* [WORK INSTRUCTIONS]:
Here, set down only the lines between the line that contains "Note:Please note that" and the final line of the material, both included, exactly as written. Skip the pictures.
::: RECORDS PROVIDED :::
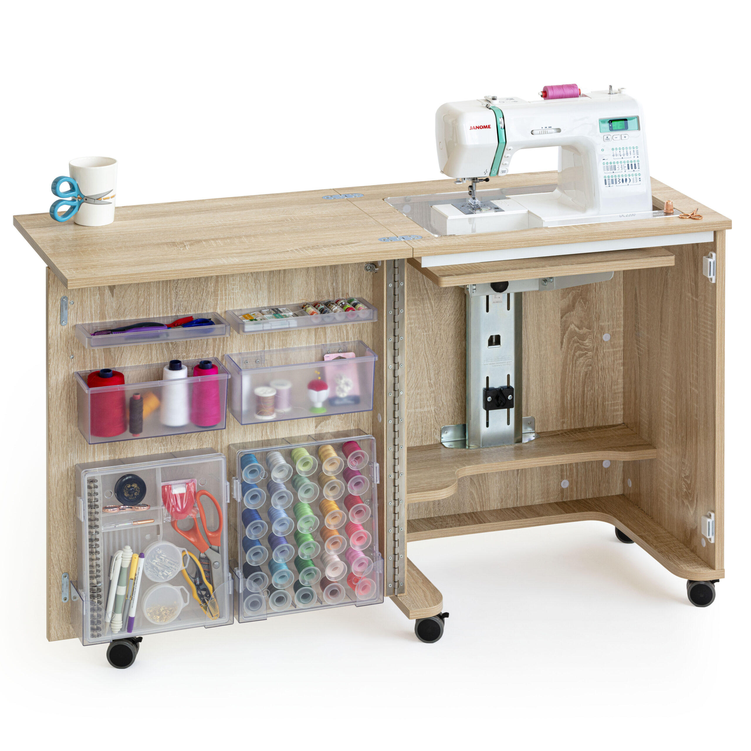 C’est l’armoire idéale pour les petites maisons ou les appartements et pour les machines à coudre de petite et moyenne taille.
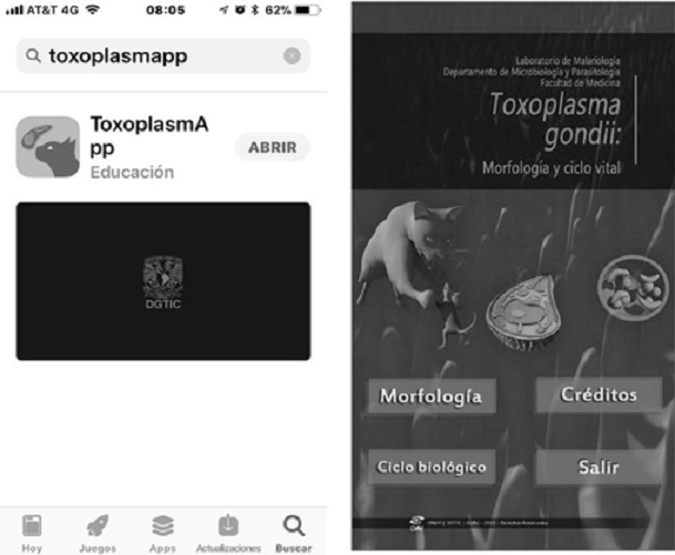 Objective: Developed and assessed an app for the study of morphology and the biological cycle of the Toxoplasma gondii parasite, for the students of the Parasitology module of the academic subject Microbiology and Parasitology of the of the Faculty of Medicine, UNAM, in order to reinforce and include data of the toxoplasmosis disease that is one of the most complex parasitosis being studied in this module.
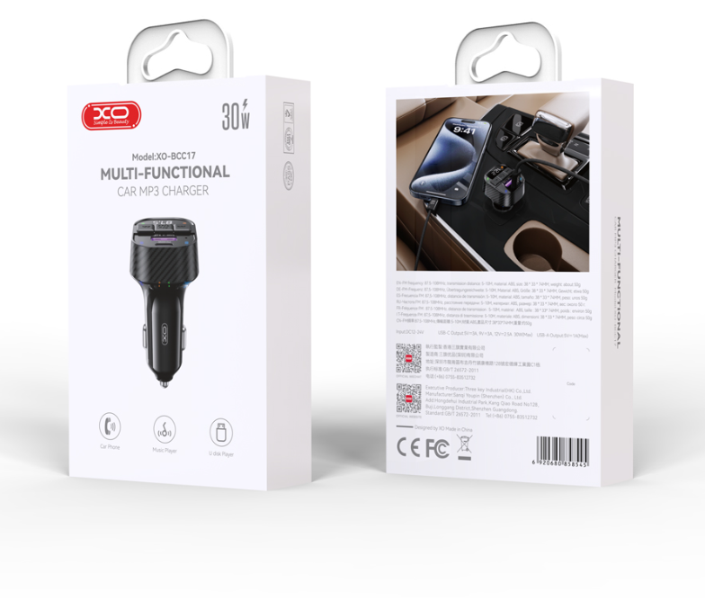 XO BCC17 FM-передатчик Bluetooth MP3 Aвтомобильное зарядное устройство 30W
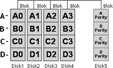 RAID 5: RAID seviyelerinin en çok kullanılan popüler seviyesidir. Veriler farklı disklere bloklar halinde yazılırlar. Fakat ECC kodları için ayrı bir disk bulunmaz ve her bir veri diskine veriye ait ECC kod parçaları yazılır. Bu seviyede RAID3 ve 4 seviyelerindeki yazma işleminde meydana gelen darboğaz en aza indirilmiştir. Veritabanı ve sunucu uygulamalarında sıkça kullanılır. Bu seviye için en az üç disk gereklidir. Raid 5 veri kurtarma hizmeti vermekteyiz.
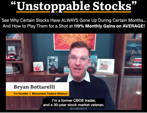 | Dear Reader, Bryan analyzed all 5,704 publicly traded stocks in the U.S. market over the last five years… And found something strange. A single play that's averaged a 99% gain every April since 2021! Plus another that's averaged 92% every May for 5 years… And similar "unstoppable plays" for every month of the year In all, they've averaged 119% wins each month for 5 years straight – with a 98% success rate. Which means if you'd known about this a few years ago, you could've potentially averaged a 119% win in 59 months out of the last 60. Now, past performance doesn't guarantee that the same plays will keep winning… But if they do, it could be a fantastic few years… and it all kicks off April 1. He's got the details on these super plays here (plus the free ticker for April's trade) - take a look before it's too late. Yours in smart speculation, Ryan Fitzwater CEO, Monument Traders Alliance P.S. You have to get in on the 1st for max gain potential. So hurry and get the free ticker now. |
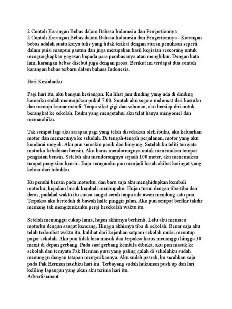 Contoh karangan bahasa indonesia. 7 contoh kerangka karangan pengertian fungsi manfaat kriteria bentuk pola langkah syarat untuk pembahasan kali ini kami akan mengulas mengenai kerangka karangan yang dimana dalam hal ini meliputi contoh pengertian fungsi manfaat kriteria bentuk pola langkah dan syarat nah agar dapat lebih memahami dan dimengerti simak ulasan selengkapnya dibawah ini. Proses ini menyebabkan berbedanya bahasa indonesia saat ini dari varian bahasa melayu yang digunakan di riau maupun semenanjung malaya. Contoh karangan bahasa jepang mempelajari ilmu bahasa tentu tidak terlepas dari kegiatan literasi yakni menulis dan membacabukan hanya dalam bahasa indonesia bahasa bahasa lainnya pun tentu akan melakukan hal yang serupa. Karangan sendiri memiliki beberapa jenis seperti karangan narasi deskripsi oposisi eksposisi argumentasi dan lain sebagainya. Contoh karangan deskripsi singkat dalam bahasa indonesia karangan deskripsi adalah salah satu dari jenis jenis karangan. Contoh karangan bebas tentang lingkungan dan liburan sebelum memberikan contoh karangan bebas perlu kita ketahui dulu apa itu karangan bebaskarangan bebas adalah salah satu bentuk karya tulis yang tidak terikat aturan.
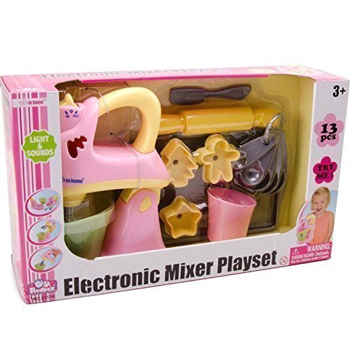 -. Feature : 13 piece set includes Electronic Mixer, Tray, Measuring cup, Spatula / 3 Cookie Molds, 5 measuring Spoons and a Rolling Pin / Realistic Mixing Sounds and Lights / Batteries Required (2 x AA (1.5V) (Included in Box) / Option for Continuous or Pulse or Intermittent Mixing
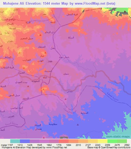 Note:Please note that Mohajene Ali,Yemen Elevation Map is in beta.
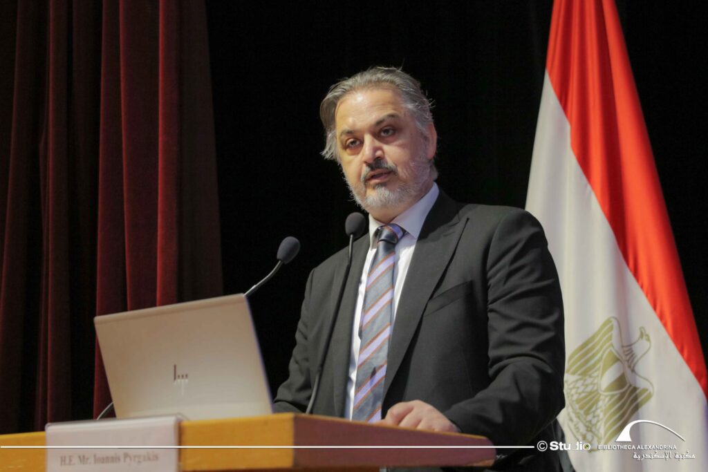 Από την πλευρά του, ο έτερος συνδιοργανωτής κ. Ιωάννης Πυργάκης, Γενικός Πρόξενος της Ελλάδας στην Αλεξάνδρεια, επιβεβαίωσε ότι «η πόλη της Αλεξάνδρειας είναι στενά συνδεδεμένη με την ιστορική διαδρομή της ελληνικής γλώσσας από την Ελληνιστική εποχή, που έγινε μάρτυρας της μετάφρασης των ελληνικών γραπτών, απ’ τα οποία γραπτά των σημαντικότερων, προέκυψαν επιστήμονες και ερευνητές, ενώ η πόλη της Αλεξάνδρας κατέστη μάρτυρας των πρώτων μορφών αλληλεπίδρασης μεταξύ ελληνικών, κοπτικών γλωσσών και μετά αραβικών».
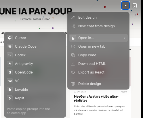 Variant (https://variant.com/) génère des designs de sites ou d’applications à partir d’une instruction.
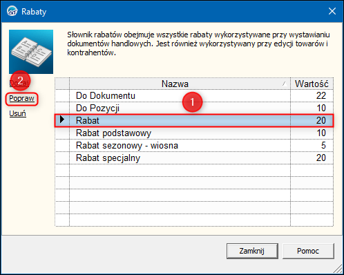 2. W oknie, które się wyświetli zaznaczyć rabat, którego nazwa ma zostać edytowana i kliknąć opcję Popraw.
:::
* [RESULT]:
 Note:Please note that Mohajene Ali,Yemen Elevation Map is in beta.
 Από την πλευρά του, ο έτερος συνδιοργανωτής κ. Ιωάννης Πυργάκης, Γενικός Πρόξενος της Ελλάδας στην Αλεξάνδρεια, επιβεβαίωσε ότι «η πόλη της Αλεξάνδρειας είναι στενά συνδεδεμένη με την ιστορική διαδρομή της ελληνικής γλώσσας από την Ελληνιστική εποχή, που έγινε μάρτυρας της μετάφρασης των ελληνικών γραπτών, απ’ τα οποία γραπτά των σημαντικότερων, προέκυψαν επιστήμονες και ερευνητές, ενώ η πόλη της Αλεξάνδρας κατέστη μάρτυρας των πρώτων μορφών αλληλεπίδρασης μεταξύ ελληνικών, κοπτικών γλωσσών και μετά αραβικών».
 Variant (https://variant.com/) génère des designs de sites ou d’applications à partir d’une instruction.
 2. W oknie, które się wyświetli zaznaczyć rabat, którego nazwa ma zostać edytowana i kliknąć opcję Popraw.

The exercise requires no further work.